Roles Manchester is strong for
Software Engineer
UK average £70,000 · +18% London uplift
Product Manager
UK average £80,000 · +22% London uplift
Data Analyst
UK average £55,000 · +15% London uplift
Marketing Manager
UK average £55,000 · +18% London uplift
Accountant
UK average £55,000 · +20% London uplift
DevOps Engineer
UK average £75,000 · +18% London uplift
Common questions
- Is Manchester a good city for tech jobs in 2026?
- Manchester is the strongest UK tech market outside London right now. The combination of BBC MediaCity, GCHQ Manchester, AutoTrader, THG, and a deep fintech scale-up scene means engineers can change jobs without changing postcode. Senior salaries have closed to within 10-15% of London, and rent is roughly half. The weakest area is very junior creative roles, where supply outstrips demand at the BBC and ITV. For software engineers, data professionals, and product managers between two and ten years' experience, Manchester in 2026 offers more interview activity than any other regional UK city I work in.
- How much should I earn in Manchester compared with London?
- Expect roughly 85-90% of London salary for equivalent roles, with senior tech and finance positions closer to 90-95%. A mid-level software engineer earns £55,000-£75,000 in Manchester in 2026 versus £65,000-£90,000 in London.

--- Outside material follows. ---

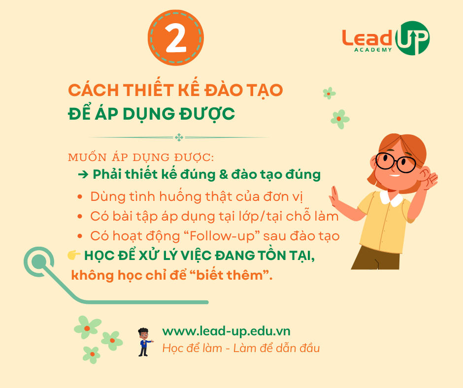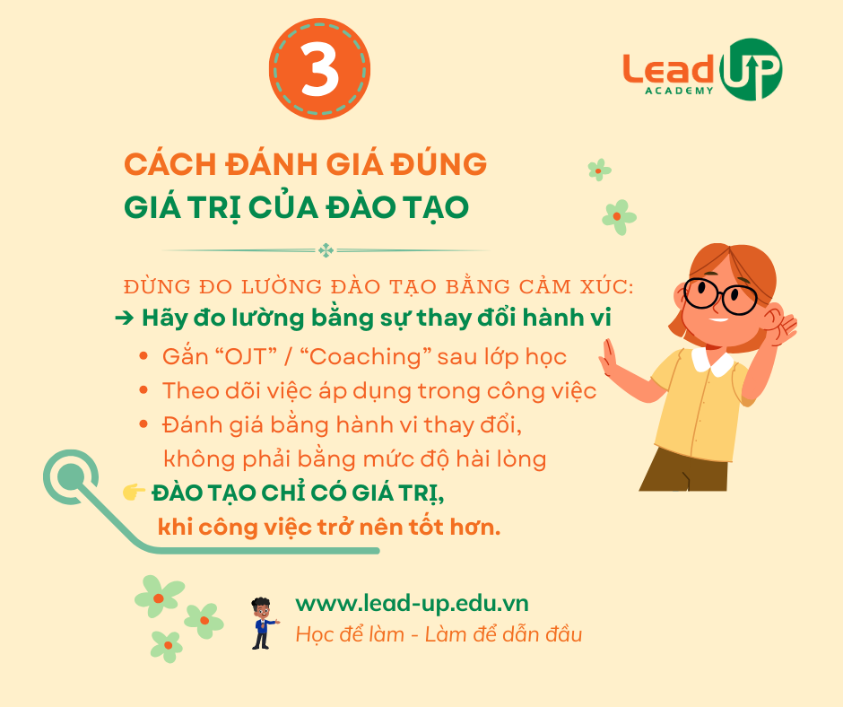 Từ góc nhìn học thuật về L&D, đào tạo cần được xem là một can thiệp có chủ đích nhằm cải thiện hiệu suất công việc, chứ không đơn thuần là một sự kiện giáo dục. Các chương trình đào tạo cần làm rõ điều gì đang không hiệu quả, nguyên nhân của vấn đề nằm ở đâu và những hành vi cụ thể nào cần thay đổi sau quá trình học tập. Khi đào tạo không trực tiếp trả lời được các câu hỏi này, khả năng tạo ra tác động thực chất sẽ bị hạn chế nghiêm trọng.

Marketing and creative roles show the biggest gap at 75-80% of London pay. The real comparison is take-home after rent: a Manchester salary at 85% of London usually means more disposable income, because city-centre rent runs £1,100-£1,400 a month versus £1,800-£2,400 in inner London. Negotiate against actual Manchester market data, not UK national averages — local managers often anchor low.
- What sectors hire most in Manchester?
- Six sectors dominate: technology (BBC MediaCity, GCHQ, AutoTrader, THG, fintech scale-ups), financial services (BNY Mellon, Co-op Bank, Big Four audit), media and creative (BBC, ITV Granada), health and life sciences (University of Manchester, Manchester Foundation Trust, Alderley Park), professional services (DLA Piper, Pinsent Masons, KPMG, PwC), and logistics/e-commerce (anchored by Manchester Airport and a strong supply chain corridor). Manufacturing has shrunk relative to its history but still hires steadily. Public sector hiring at GCHQ Manchester and the wider civil service presence is one of the fastest-growing categories I've tracked since 2022.

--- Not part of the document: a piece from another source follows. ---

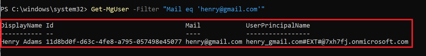 Get-MgUser -Filter "Mail eq 'henry@contoso.com'"

- Where should I live if I work in Manchester city centre?
- Three patterns work well. For walking-distance city living, Northern Quarter and Ancoats are popular but premium — expect £1,300-£1,600 for a one-bed. For value with a 15-minute tram, Salford Quays, Old Trafford, and Stretford run £900-£1,200. For families and quieter streets with strong train links, Didsbury, Chorlton, and Sale are the standard recommendation — 20-25 minutes into Piccadilly and £1,100-£1,500 for a two-bed. Avoid car commutes from Cheshire if you can; the M60 at rush hour is the most-complained-about commute in my candidate base.